◆ PROVIDED MATERIAL ◆
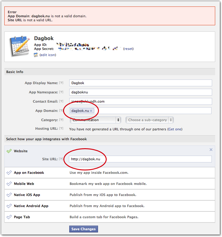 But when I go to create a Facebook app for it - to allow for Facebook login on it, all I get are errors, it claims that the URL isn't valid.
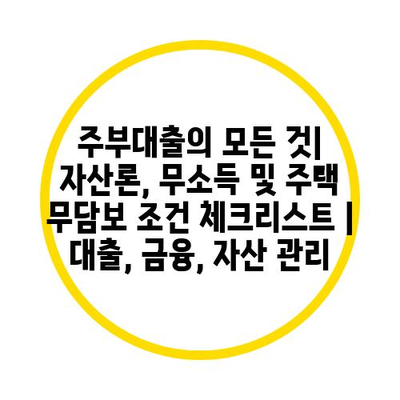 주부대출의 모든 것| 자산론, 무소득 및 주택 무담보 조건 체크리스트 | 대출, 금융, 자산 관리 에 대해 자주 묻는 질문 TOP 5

==

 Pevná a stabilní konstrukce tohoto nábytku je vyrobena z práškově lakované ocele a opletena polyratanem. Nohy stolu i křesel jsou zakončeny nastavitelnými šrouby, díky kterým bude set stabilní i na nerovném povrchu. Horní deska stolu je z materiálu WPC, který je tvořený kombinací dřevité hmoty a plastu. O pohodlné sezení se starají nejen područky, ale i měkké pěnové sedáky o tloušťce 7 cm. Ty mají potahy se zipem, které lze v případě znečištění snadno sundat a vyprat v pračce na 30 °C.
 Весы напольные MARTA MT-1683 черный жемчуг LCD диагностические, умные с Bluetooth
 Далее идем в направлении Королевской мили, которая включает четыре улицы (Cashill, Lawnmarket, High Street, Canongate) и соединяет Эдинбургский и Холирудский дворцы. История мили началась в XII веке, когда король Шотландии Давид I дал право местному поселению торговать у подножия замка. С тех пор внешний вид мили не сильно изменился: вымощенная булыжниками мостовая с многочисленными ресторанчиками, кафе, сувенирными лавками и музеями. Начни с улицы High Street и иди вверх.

* * *

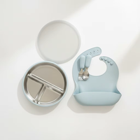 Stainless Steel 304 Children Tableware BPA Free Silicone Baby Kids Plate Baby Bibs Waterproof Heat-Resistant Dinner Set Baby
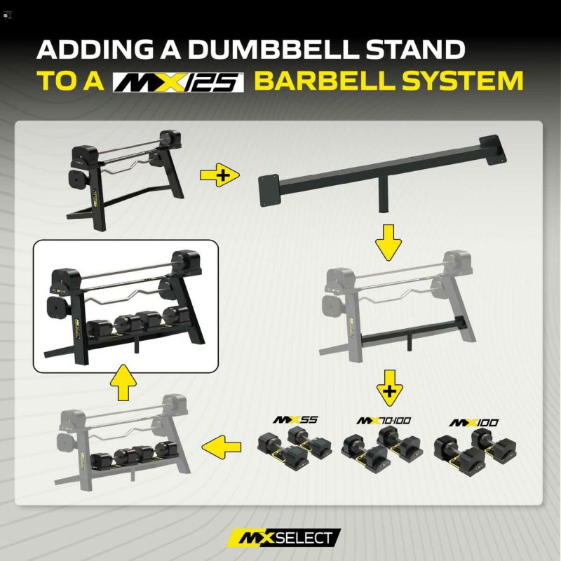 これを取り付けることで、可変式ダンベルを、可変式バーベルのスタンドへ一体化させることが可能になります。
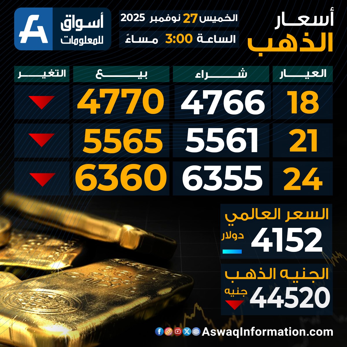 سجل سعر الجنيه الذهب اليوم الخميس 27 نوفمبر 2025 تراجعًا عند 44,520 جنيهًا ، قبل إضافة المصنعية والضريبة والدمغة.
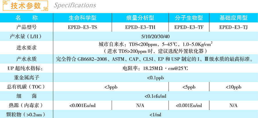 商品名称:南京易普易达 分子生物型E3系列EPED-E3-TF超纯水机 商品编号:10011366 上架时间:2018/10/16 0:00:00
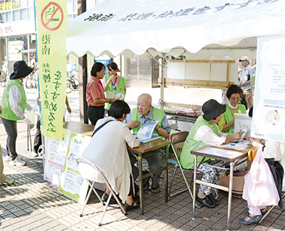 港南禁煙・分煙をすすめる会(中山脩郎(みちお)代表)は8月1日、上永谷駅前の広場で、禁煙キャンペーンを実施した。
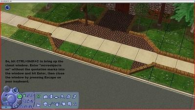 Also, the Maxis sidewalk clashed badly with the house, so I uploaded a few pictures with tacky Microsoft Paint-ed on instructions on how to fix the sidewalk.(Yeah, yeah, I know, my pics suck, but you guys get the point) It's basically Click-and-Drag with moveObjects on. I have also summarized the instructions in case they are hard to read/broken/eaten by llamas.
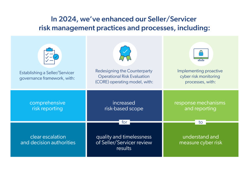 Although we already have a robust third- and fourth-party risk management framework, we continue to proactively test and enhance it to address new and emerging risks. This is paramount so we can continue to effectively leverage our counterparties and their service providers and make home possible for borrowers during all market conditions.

◆ WHAT THE TASK ASKS ◆
Extract from the records above the lines from the one containing "Pevná a stabilní" to the one containing "Весы напольные MARTA", both lines included, exactly as they appear and with nothing else.

◆ FINAL ANSWER ◆
 Pevná a stabilní konstrukce tohoto nábytku je vyrobena z práškově lakované ocele a opletena polyratanem. Nohy stolu i křesel jsou zakončeny nastavitelnými šrouby, díky kterým bude set stabilní i na nerovném povrchu. Horní deska stolu je z materiálu WPC, který je tvořený kombinací dřevité hmoty a plastu. O pohodlné sezení se starají nejen područky, ale i měkké pěnové sedáky o tloušťce 7 cm. Ty mají potahy se zipem, které lze v případě znečištění snadno sundat a vyprat v pračce na 30 °C.
 Весы напольные MARTA MT-1683 черный жемчуг LCD диагностические, умные с Bluetooth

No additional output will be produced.